简体   繁体   English

Scrapy Xpath获得正确的分页

[英]Scrapy Xpath getting the correct pagination

First of all thank you if you are reading this. 首先,如果您正在阅读本文,则谢谢。

I have been scraping away for some time to collect minor data, however I want to pull in some additional information but I got stuck on a pagination. 我花了一些时间来收集次要数据,但是我想获取一些其他信息,但是却陷入了分页中。

I would like to get the data-href of the link, however it needs to consist the 我想获取链接的data-href,但是它需要包含

i have been using [contains()] when however how do you get data-href when i needs to contain an object with a specific class 我一直在使用[contains()],但是当我需要包含具有特定类的对象时,如何获取数据-href

<li><a class="cursor" data-type="js" data-href="test"><i class="fa fa-chevron-right" aria-hidden="true"></i></a></li>

I have been using the following: 我一直在使用以下内容:

next_page_url = response.selector.xpath('//*[@class="text-center"]/ul/li/a[contains(@class,"cursor")]/@data-href').extract_first()

which works but not for the correct data-href 起作用但不适用于正确的数据href

Many thanks for the help 非常感谢您的帮助

Full source code: 完整的源代码:

<div class="pagination-container margin-bottom-20"> <div class="text-center"><ul class="pagination"><li><a class="cursor" data-type="js" data-href="/used-truck/1-32/truck-ads.html"><i class="fa fa-chevron-left" aria-hidden="true"></i></a></li><li><a href="/used-truck/1-32/truck-ads.html">1</a></li><li class="active"><a>2</a></li><li><a href="/used-truck/1-32/truck-ads.html?p=3">3</a></li><li class="hidden-xs no-link"><a>...</a></li><li class="hidden-xs"><a href="/used-truck/1-32/truck-ads.html?p=12">12</a></li><li class="hidden-xs no-link"><a>...</a></li><li class="hidden-xs"><a href="/used-truck/1-32/truck-ads.html?p=22">22</a></li><li><a class="cursor" data-type="js" data-href="/used-truck/1-32/truck-ads.html?p=3"><i class="fa fa-chevron-right" aria-hidden="true"></i></a></li></ul></div> </div> </div>

Huh... Turned out to be such a simple case (: 呵呵...原来是这么简单的情况(:

Your mistake is .extract_first() while you should extract last item to get next page. 当您应该提取最后一个项目以获取下一页时,您的错误是.extract_first()

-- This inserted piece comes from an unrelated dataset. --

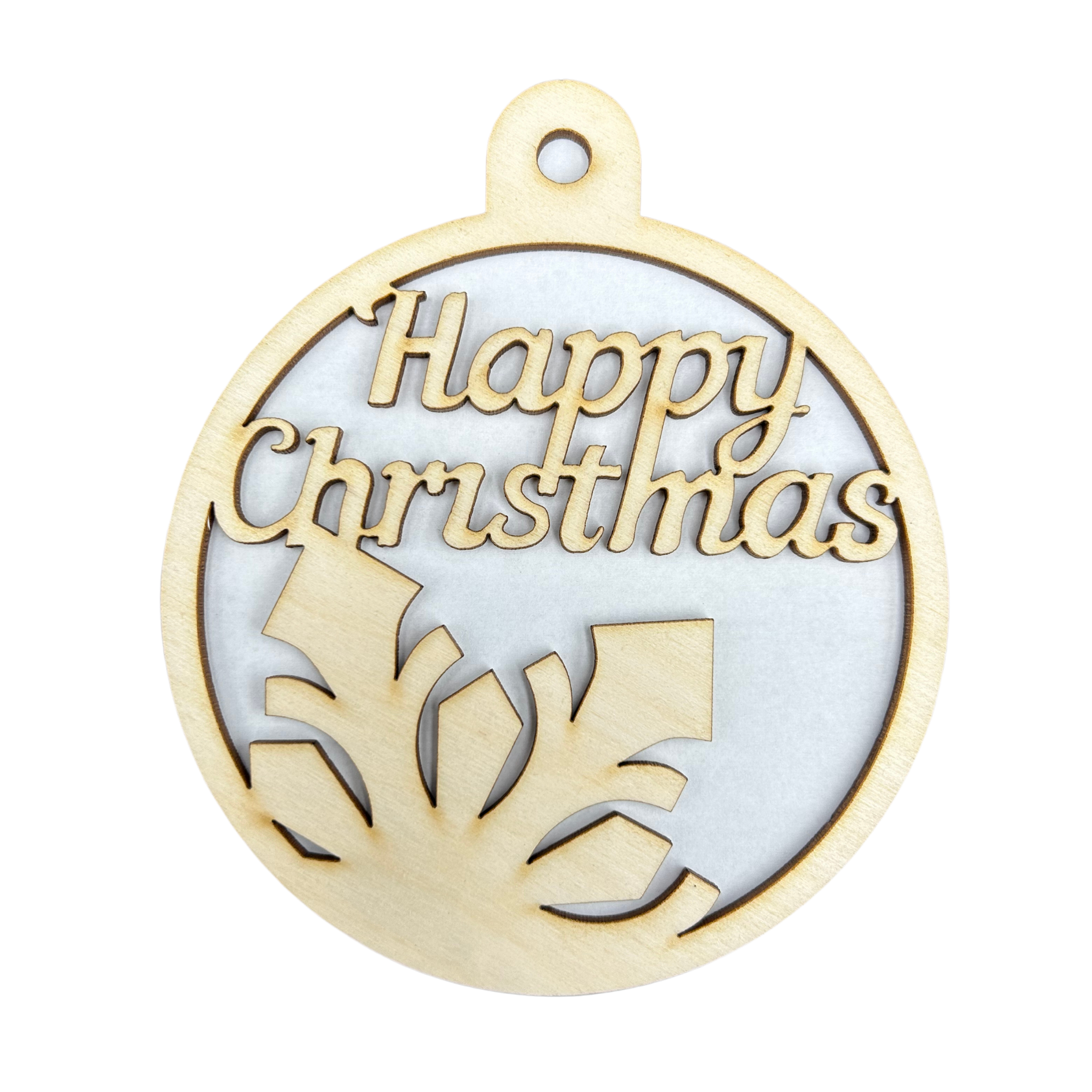 Drewniana bombka świąteczna Happy Christmas ze sklejki zawieszka choinkę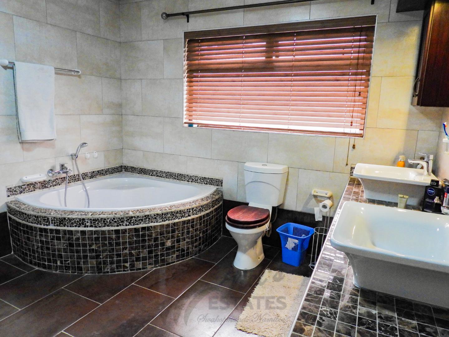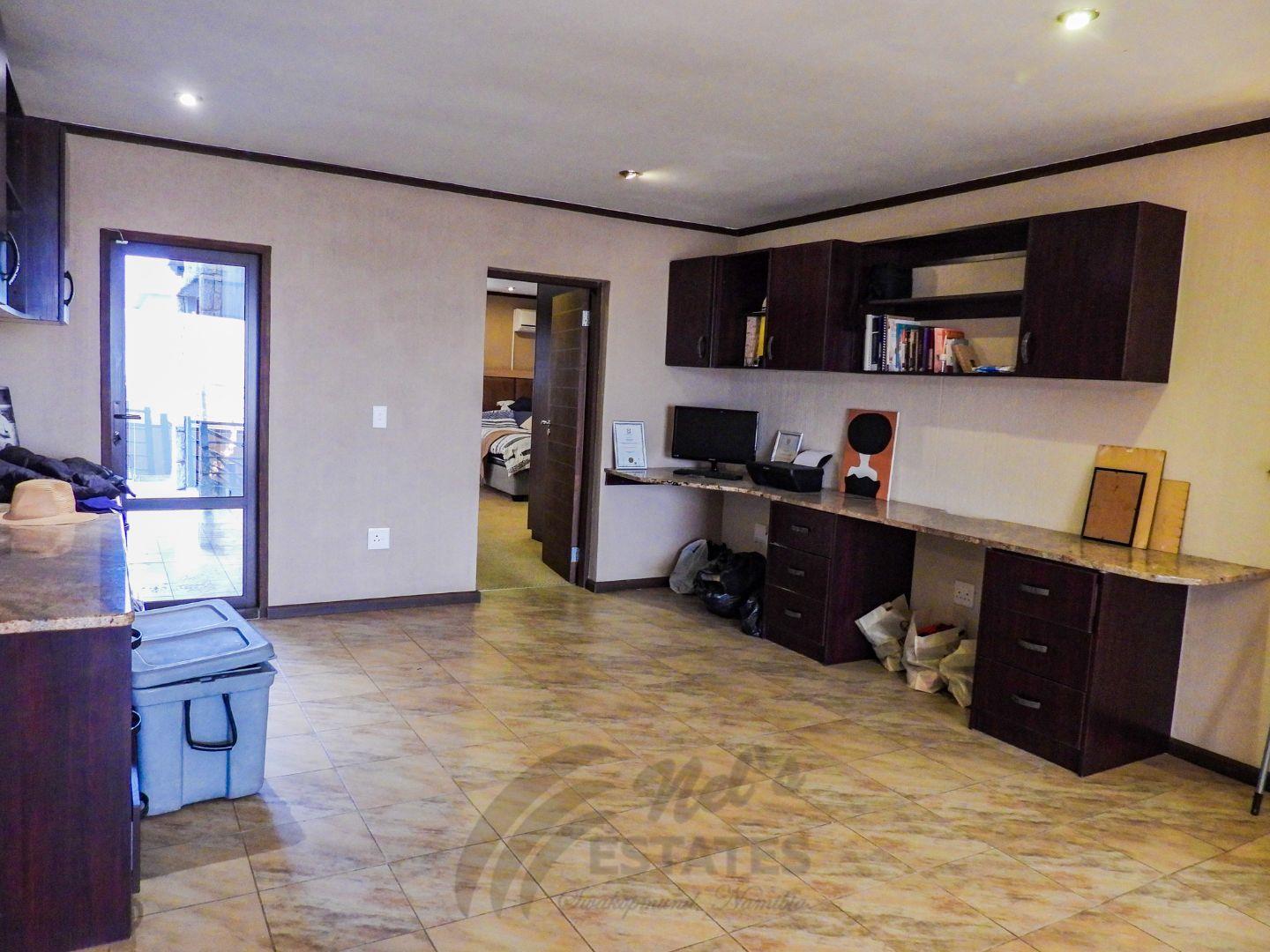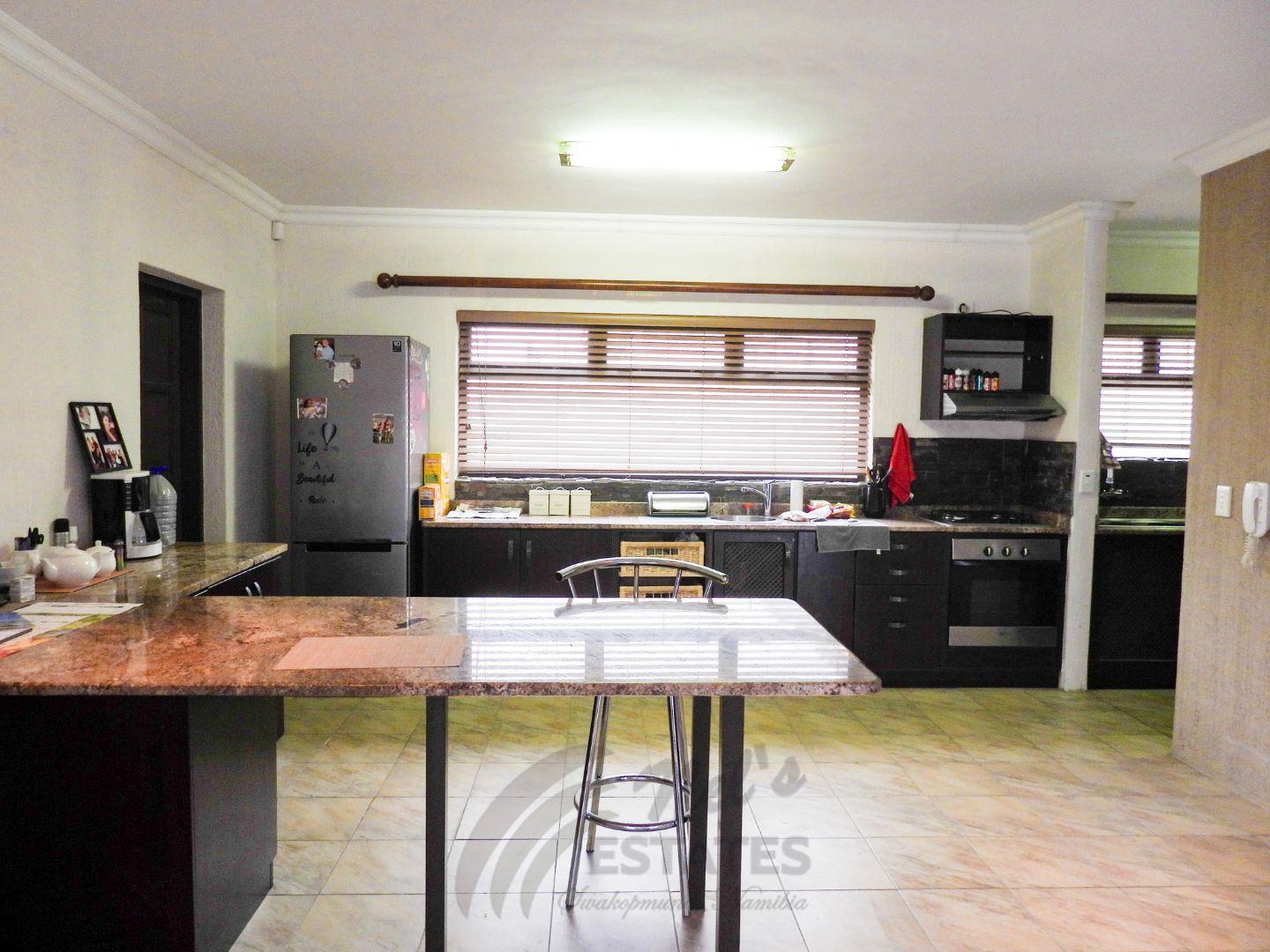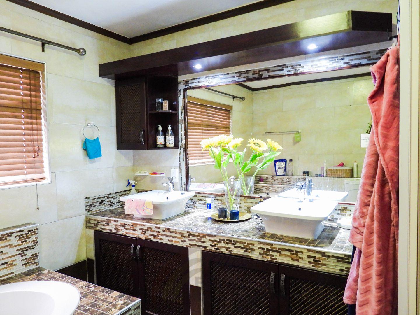 The property also includes a flat that features an open plan living/dining area, a kitchen with a breakfast counter, and a spacious scullery. With 2 bedrooms, a full bathroom, and a single automated garage, this flat provides a comfortable living space for guests or extended family members.

next_page = response.xpath('//a[@class="cursor"]/@data-href').extract()[-1]

This will do the trick. 这将达到目的。 But I'd recommend you to extract all the links from pagination list, since scrapy is managing duplication crawling. 但我建议您从分页列表中提取所有链接,因为scrapy正在管理重复爬网。 This will do a better job and having less chances for mistake: 这将做得更好,并且出错的机会更少:

pages = response.xpath('//ul[@class="pagination"]//a/@href').extract()
for url in pages:
    yield scrapy.Request(url=response.urljoin(url), callback=self.whatever)

And so on.. 等等..

试试看:

next_page_url = response.selector.xpath('//*[@class="text-center"]/ul/li/a[@class="cursor")]/@data-href').extract_first()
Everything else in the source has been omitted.